The Deep Six (novel)
Author | Martin Dibner |
---|---|
Country | United States of America |
Language | English |
Genre | World War II Novel |
Publisher |
Doubleday & Co, New York Pinnacle, Los Angeles |
Publication date | 1953 |
Media type | Print (paperback) |
Pages | 281 (Pinnacle) |
ISBN | 0-523-40916-8 |
The Deep Six is a 1953 novel by Martin Dibner (1911-1992) describing the experiences of a group of U.S. Navy sailors fighting in the Aleutian Islands Campaign in 1943 during World War II. The novel, based on the author's experiences serving in the light cruiser USS Richmond during the same campaign, is written in a terse Hemingwayesque style and was a contemporary of Nicholas Monsarrat's novel The Cruel Sea and The Caine Mutiny by Herman Wouk. The novel reached the New York Times Bestseller List for the week of September 6, 1953, ranked 16th in sales, and appeared six times on the list until October 18, fluctuating between 14th and 16th.
A third person narrative, the novel is written primarily from the point of view of Alec Austen, an artist obsessed with his painting who joins the navy to escape personal conflicts at the advertising agency at which he works and becomes an assistant gunnery officer aboard the USS Atlantis, a light cruiser identical to Richmond. The novel explores several themes, among them abuse of authority by officers, racial discrimination, the clinging by the regular navy chain of command early in the war to archaic customs and traditions detrimental to morale and the safety of the ship in combat; homosexual rape aboard ship; and the assignment in the expanded wartime navy of incompetent or marginally qualified regular officers to positions of trust and authority.
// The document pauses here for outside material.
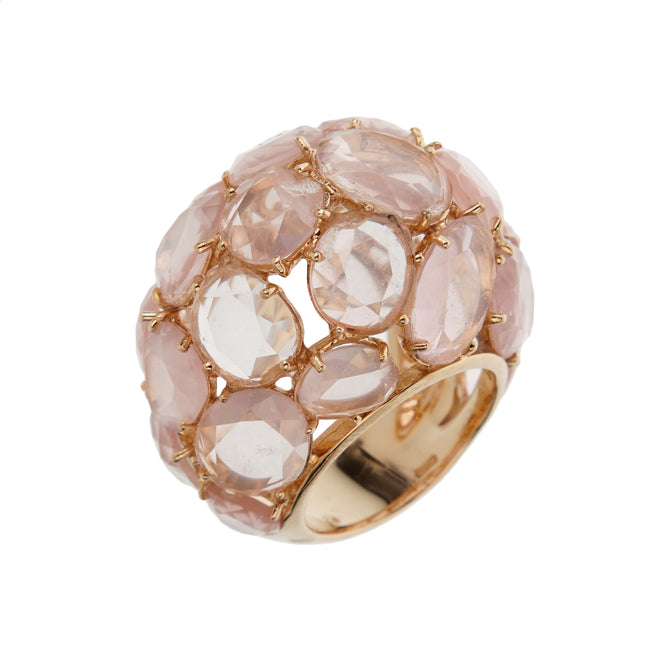 Crafted in luxurious 18k rose gold, the bombe dome silhouette exudes an unmistakable sense of glamour and confidence. Its voluminous form creates a sculptural canvas, elevated by an abundant display of rose quartz gemstones. Known as the stone of love, tenderness, and inner peace, rose quartz radiates a soft, romantic glow that perfectly complements the warm tones of the rose gold setting. The carefully selected stones are rose-cut and arranged in an intricate mosaic across the dome, offering a surface that dances with light and depth.

The second half of novel covers a 36-hour period aboard Atlantis in which all the themes come to a head, culminating in a surface battle closely resembling the Battle of the Komandorski Islands.
Motion picture rights to the The Deep Six were purchased by Jaguar Productions in 1955 and became a feature film starring Alan Ladd as Austen. The film version transformed the cruiser into a destroyer and created a plot line that did not exist in the book, using Austen's Quaker background as a starting point for a theme of pacifism versus duty during war. The title is a reference to burial at sea, i.e. "given the deep six."[1]
Plot summary
During a gunnery drill aboard the light cruiser USS Atlantis, on patrol west of the Aleutian Islands, a gun barrel of a dual 40mm mount explodes, killing one member of the gun crew and seriously injuring two others. The ship's gunnery officer, Lieutenant Commander Dooley, is terrified by gunfire and accidentally breaks his leg trying to flee the vicinity after the explosion. The gun captain, Frenchy Shapiro, acts promptly to prevent further disaster by unloading the other gun. The officer in charge of the gun mount, Lieutenant (junior grade) Alec Austen, praises Shapiro in his report but avoids any hint of Dooley's cowardly behavior. The Atlantis returns to Adak to send the injured ashore and obtain a new gun barrel.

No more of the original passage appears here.